25The applicant appears to submit that the respondent is mistaken about the nature of the injuries sustained. However, even if the respondent had made a mistake of fact when they denied benefits, such a mistake by the insurer would not render a notice non-compliant.
26Finally, even if the notices were not compliant with 38(8), this does not remove an applicant from the MIG, but rather that the treatment plan in dispute is payable under s. 38(11) (see: Zheng, Cai v. Aviva Insurance Company of Canada, 2018 ONSC 5707).

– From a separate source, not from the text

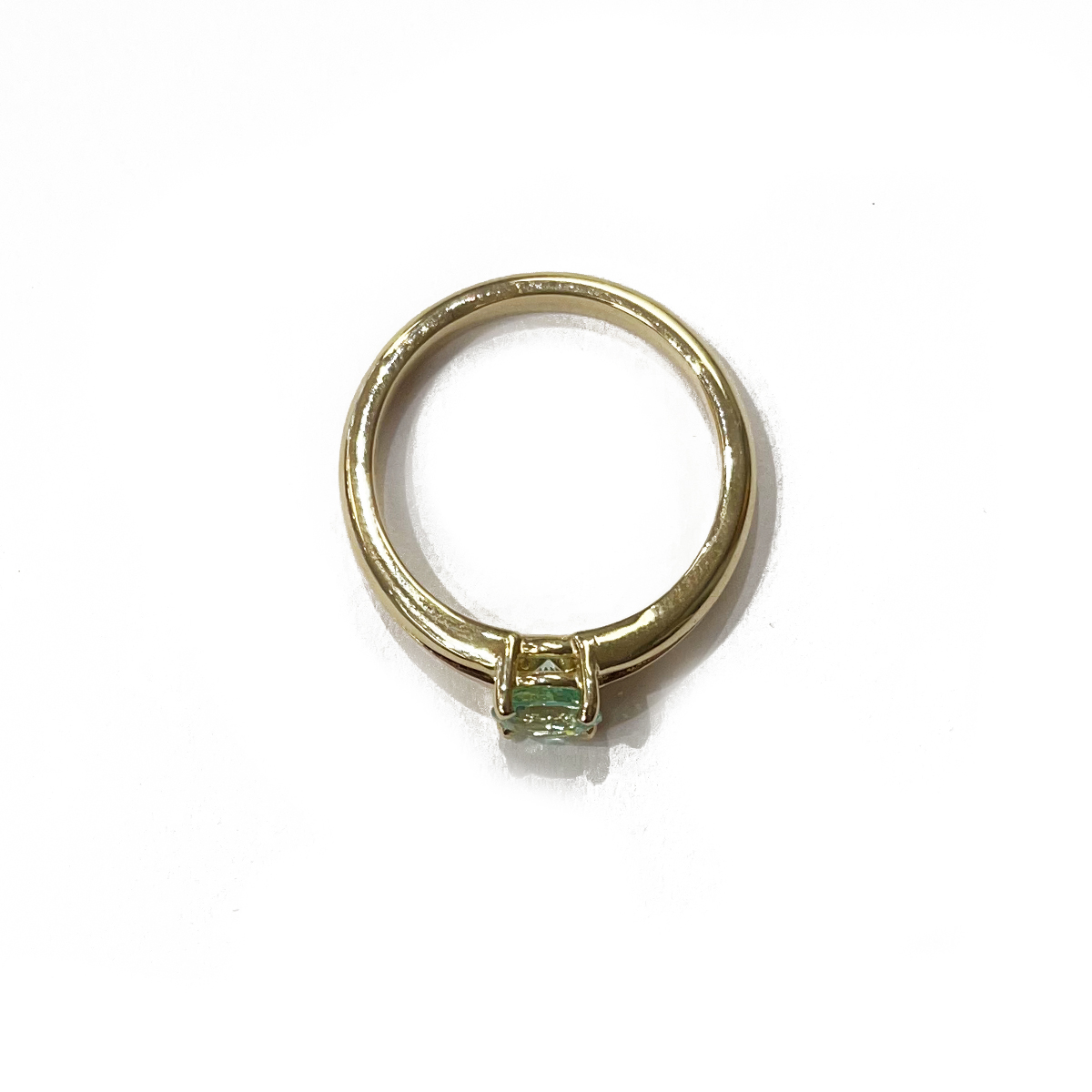 Timeless 0.63ct Round Cut Bright Mint Green Maine Tourmaline Ring Prong Set in Simplistic 14K Yellow Gold Split-Shank Setting.

27For these reasons, I find that the treatment plans in dispute are not payable for being non-compliant with s. 38 of the Schedule.
Interest
28Interest applies on the payment of any overdue benefits pursuant to s. 51 of the Schedule. As no benefits are overdue, no interest is payable.
Award
29The applicant sought an award under s. 10 of Reg. 664. Under s. 10, the Tribunal may grant an award of up to 50 per cent of the total benefits payable if it finds that an insurer unreasonably withheld or delayed the payment of benefits. As no treatments are unreasonably withheld or delayed, no award is payable.
ORDER
30The application is dismissed.
i. The applicant is being held to the MIG, and the $3,500 treatment limit.
ii. The applicant is not entitled to the individual treatment plans due to a procedural violation by the insurer.
iii. As the applicant is held to the MIG, it is not necessary to analyze the treatment plans to determine if they are reasonable and necessary.
iv. Neither interest nor an award are payable.